-- The input follows --

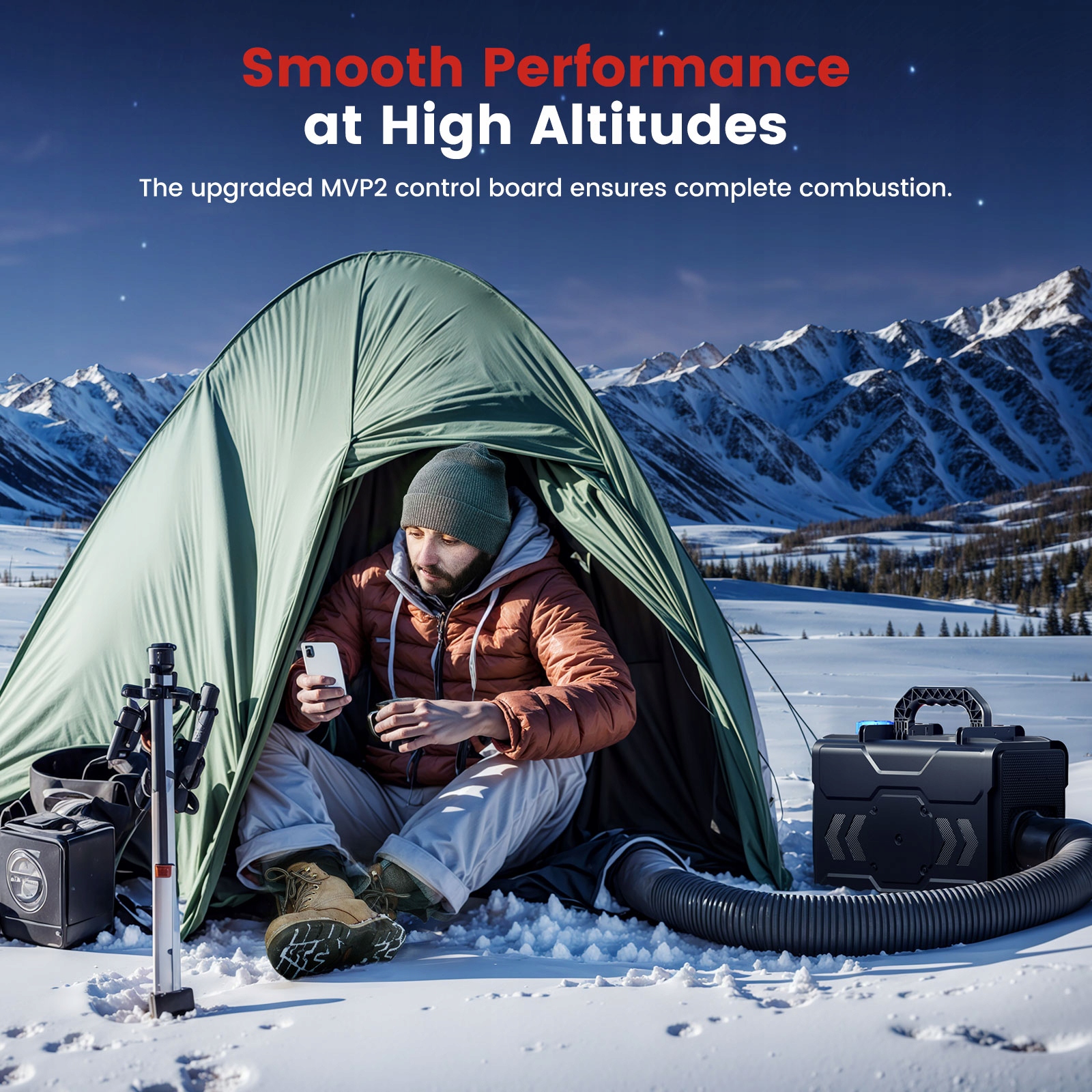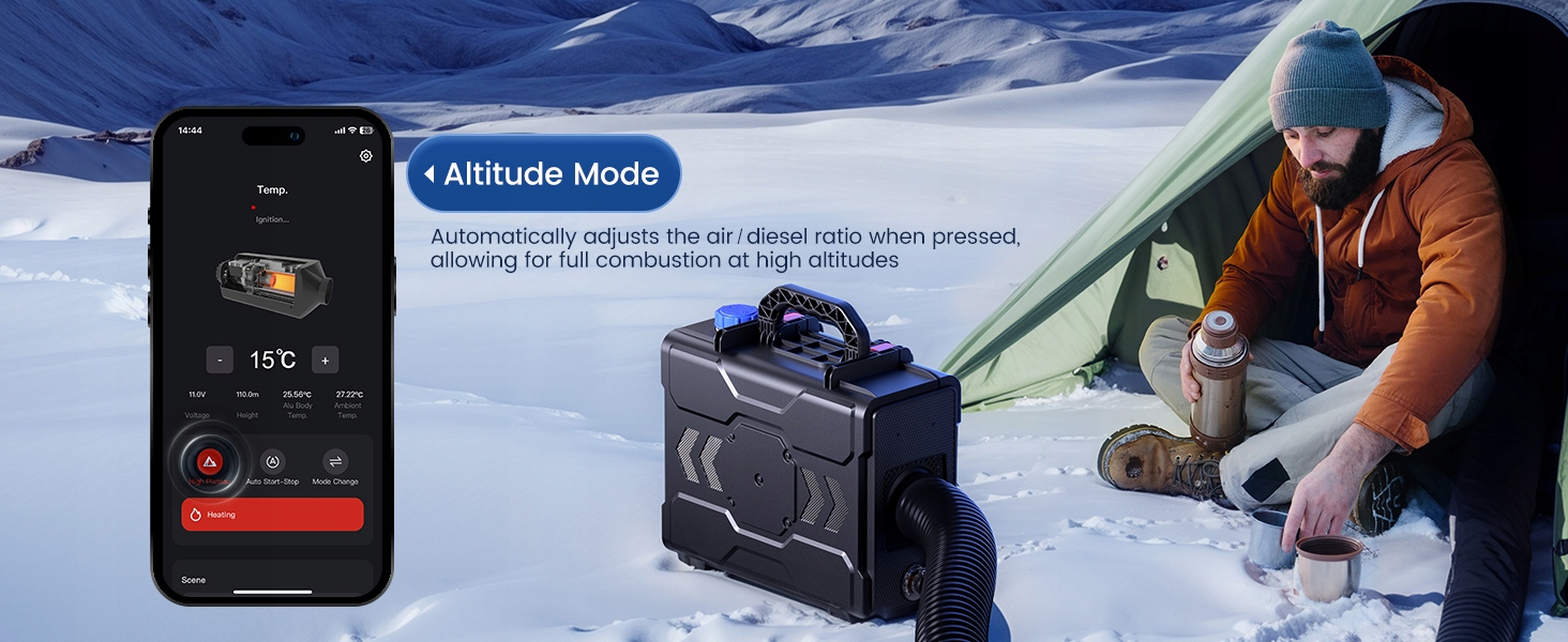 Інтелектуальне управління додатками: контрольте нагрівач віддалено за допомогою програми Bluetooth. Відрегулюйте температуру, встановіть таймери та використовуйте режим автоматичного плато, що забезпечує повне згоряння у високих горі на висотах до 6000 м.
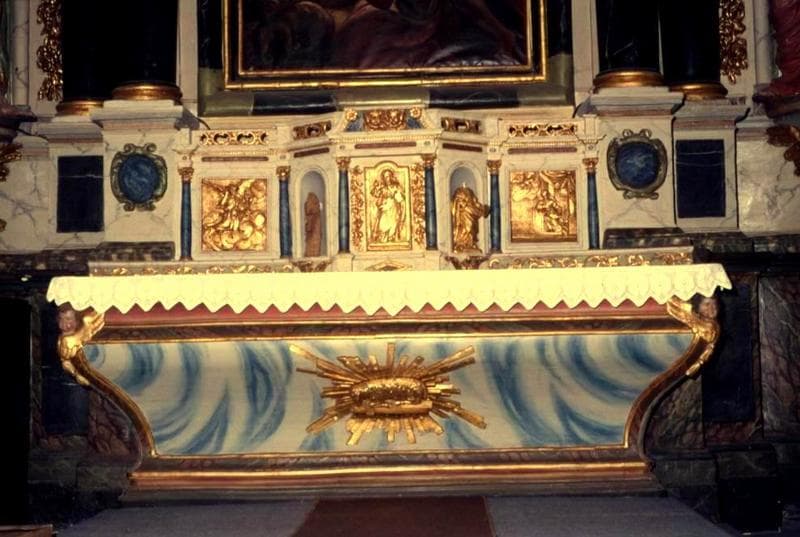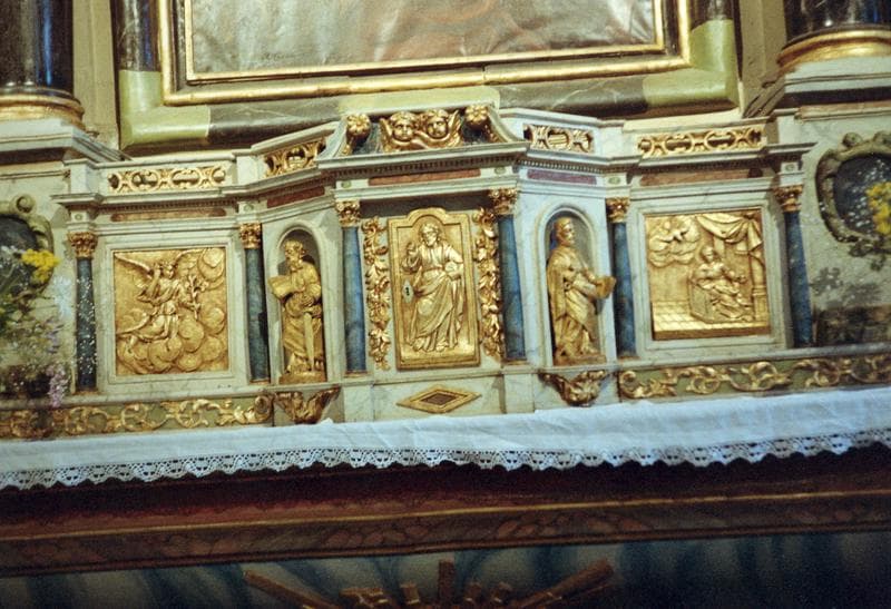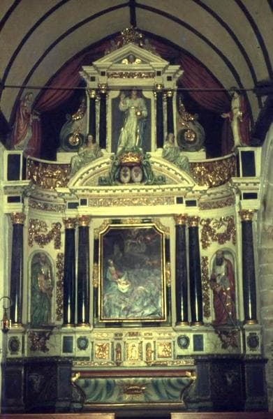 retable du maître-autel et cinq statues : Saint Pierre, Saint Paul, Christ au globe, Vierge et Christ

-- The input concluded --
-- The input follows --

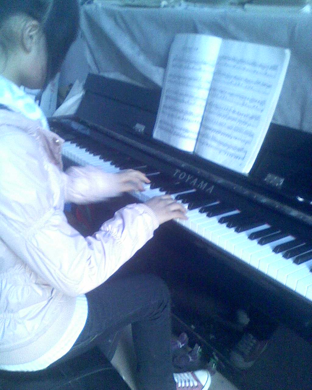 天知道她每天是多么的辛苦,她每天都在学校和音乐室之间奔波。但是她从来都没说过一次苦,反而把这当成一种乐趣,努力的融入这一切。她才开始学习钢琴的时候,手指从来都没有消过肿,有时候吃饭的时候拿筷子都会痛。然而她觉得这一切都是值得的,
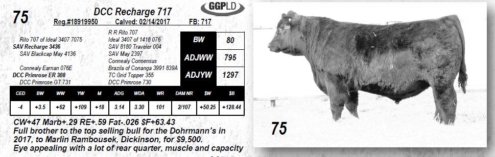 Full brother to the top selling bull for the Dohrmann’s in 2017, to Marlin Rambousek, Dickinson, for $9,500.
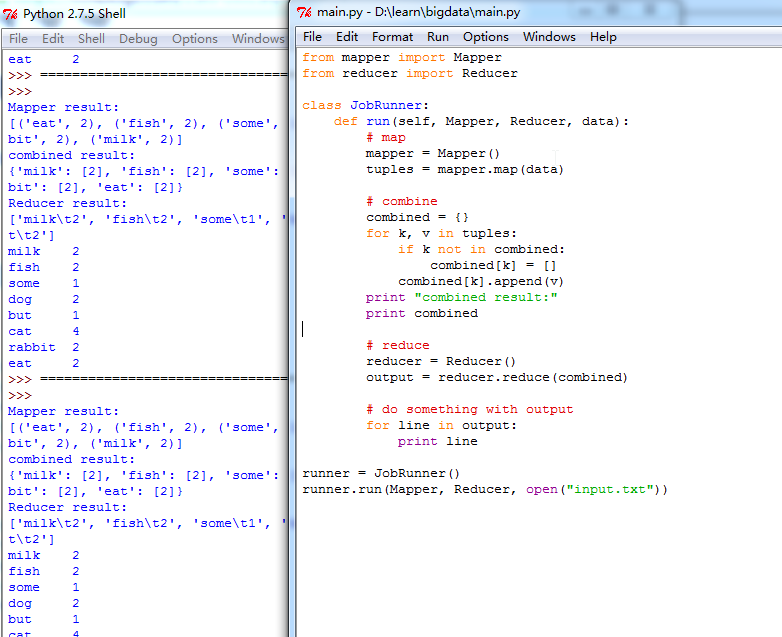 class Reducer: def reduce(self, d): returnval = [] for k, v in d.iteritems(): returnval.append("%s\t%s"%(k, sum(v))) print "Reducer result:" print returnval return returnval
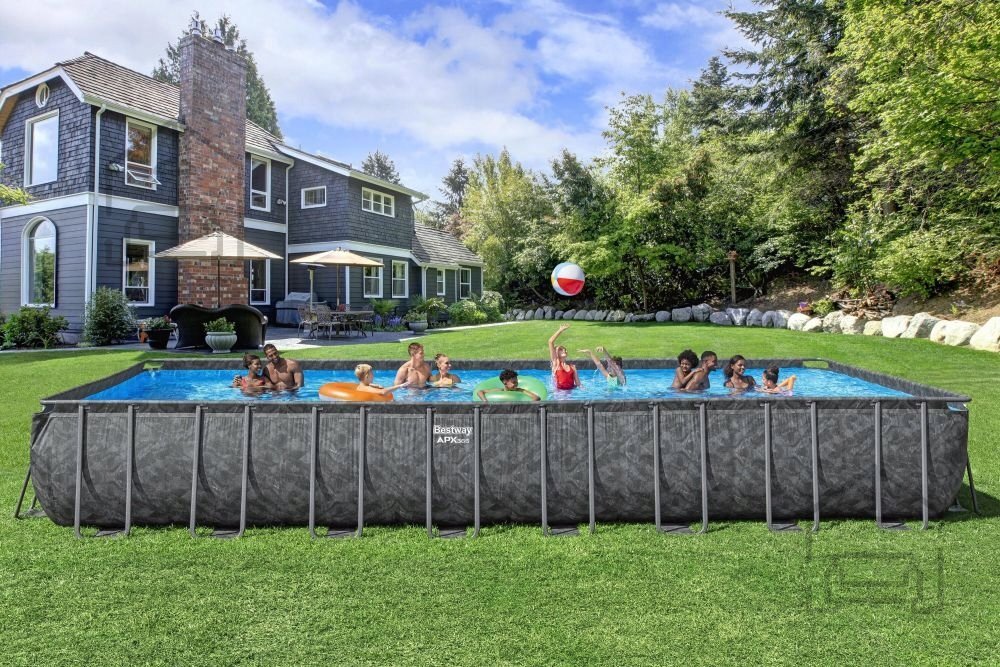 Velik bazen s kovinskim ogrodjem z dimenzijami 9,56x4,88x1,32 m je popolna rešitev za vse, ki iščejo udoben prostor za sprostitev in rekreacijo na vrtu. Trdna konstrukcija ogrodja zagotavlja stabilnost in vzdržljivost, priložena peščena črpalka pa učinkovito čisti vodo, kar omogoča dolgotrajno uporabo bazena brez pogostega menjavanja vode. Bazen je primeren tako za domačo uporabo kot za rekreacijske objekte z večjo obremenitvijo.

-- The input concluded --

:: Work to be completed ::
Output only the lines above from the one containing "天知道她每天是多么的辛苦,她" to the one containing "Full brother to", both included, exactly as written and with no pictures.

:: Exercise solution ::
 天知道她每天是多么的辛苦,她每天都在学校和音乐室之间奔波。但是她从来都没说过一次苦,反而把这当成一种乐趣,努力的融入这一切。她才开始学习钢琴的时候,手指从来都没有消过肿,有时候吃饭的时候拿筷子都会痛。然而她觉得这一切都是值得的,
 Full brother to the top selling bull for the Dohrmann’s in 2017, to Marlin Rambousek, Dickinson, for $9,500.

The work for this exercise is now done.